Is laziness sin?
** When we continue to embrace and press into the people God places in our lives despite imperfect conditions, we have a built-in guard against laziness.
Date: 2/7/2020 2:01:58 AM ( 9 mon ) ... viewed 253 times
Why Laziness Is a Sin and 5 Ways We Can Flee from It
Meg Bucher Writer and Author
2020 3 Feb
Walking by Faith
Why Laziness Is a Sin and 5 Ways We Can Flee from It
“In your relationships with one another, have the same mindset as Christ Jesus: Who, being in very nature God, did not consider equality with God something to be used to his own advantage; rather, he made himself nothing by taking the very nature of a servant, being made in human likeness” (Philippians 2:5-7).
Jesus came to earth to work. He modeled a balanced life. Time with His Father was a priority. He worked performing miracles and teaching, fostered relationships with friends, and took time to rest. Laziness is an aversion to work, slowing our pace and productivity. “Laziness is not the passivity it pretends to be,” writes Paul Maxwell for Desiring God, “It is active obedience to something other than Jesus Christ.”

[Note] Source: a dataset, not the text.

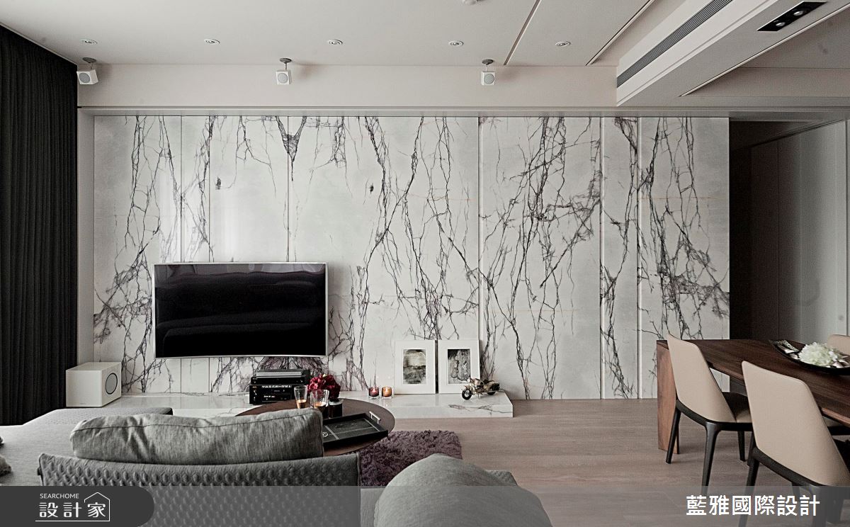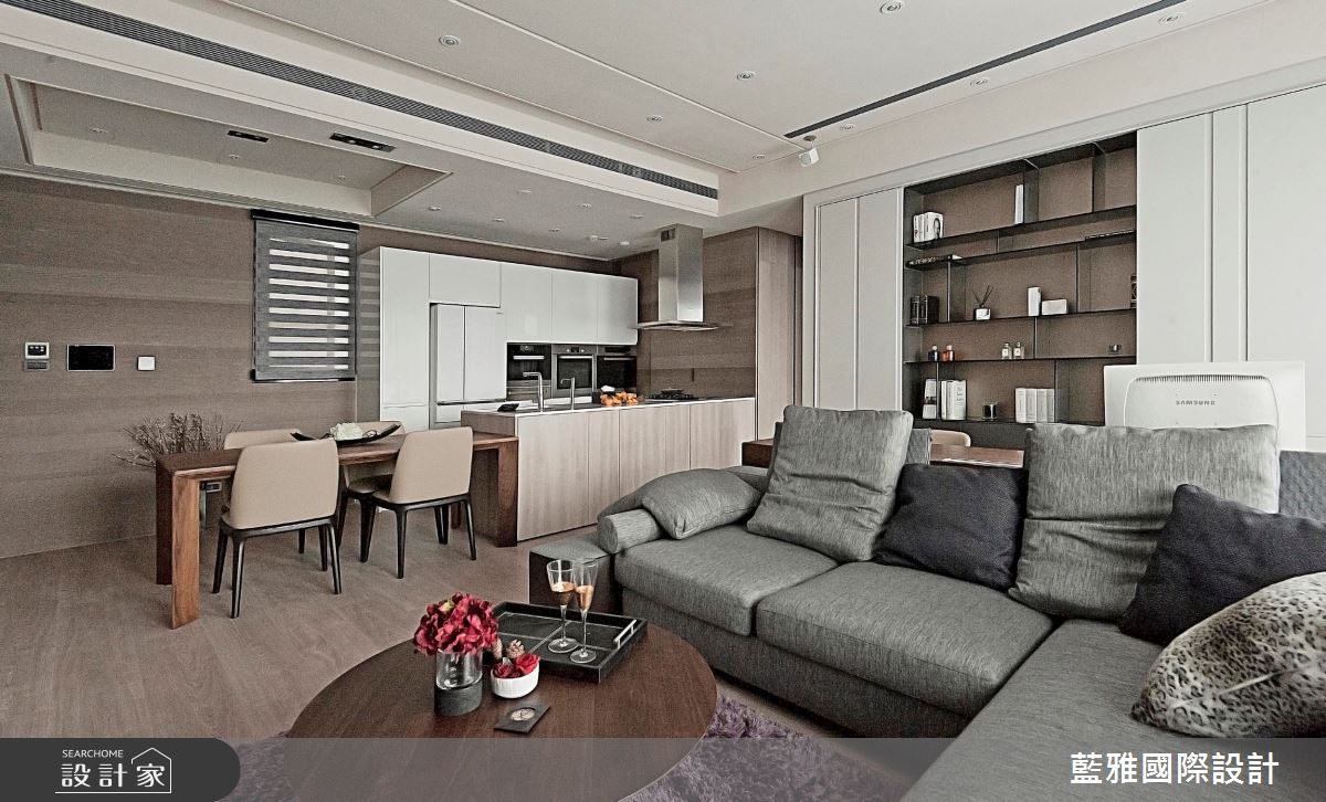 藍雅國際設計以石材、金屬、藝術塗料、薄磚、木皮的搭配應用,呈現混搭風居家氛圍,將此間120坪、一房、單層、毛胚屋打造成舒適愜意的家庭空間,完成全家人的夢想之居。

A balanced life includes Sabbath rest or room to breathe. But Sabbath is resting with the intent on surrendering our efforts to God, not in setting goals to sit down and be idle. When we’re doing the work of the Lord, His balance produces joy both while we work and while we rest, wasting no purpose for any of it.
What Is Laziness and Why Is it a Sin?
“Jesus knew of laziness’s dangers,” writes David Chadwick. “In the parable of the talents, he condemned the servant who buried his talent. He called him ‘wicked and lazy.’ His talent was taken from him and given to another.” To be lazy is Biblical idleness defined. Laziness is often associated with sloth and being a sluggard. Tony Reinke of Desiring God describes the difference as “lazy busy: a full schedule endured in a spiritual haze, begrudging interruptions, resenting needy people, and driven by a craving for the next comfort.”
Sluggish describes the slacker. They consistently yield half-efforts, or cling to someone else’s. Laziness is a life of loafing. It is a lack of effort and a disengagement in developing the skills God has given. Jesus literally told us to “go” speak the Gospel and to love God and others. The Message paraphrase of Romans 12:11 reads, “Do not slack in your faithfulness and hard work. Let your spirit be on fire, bubbling up and boiling over, as you serve the Lord.”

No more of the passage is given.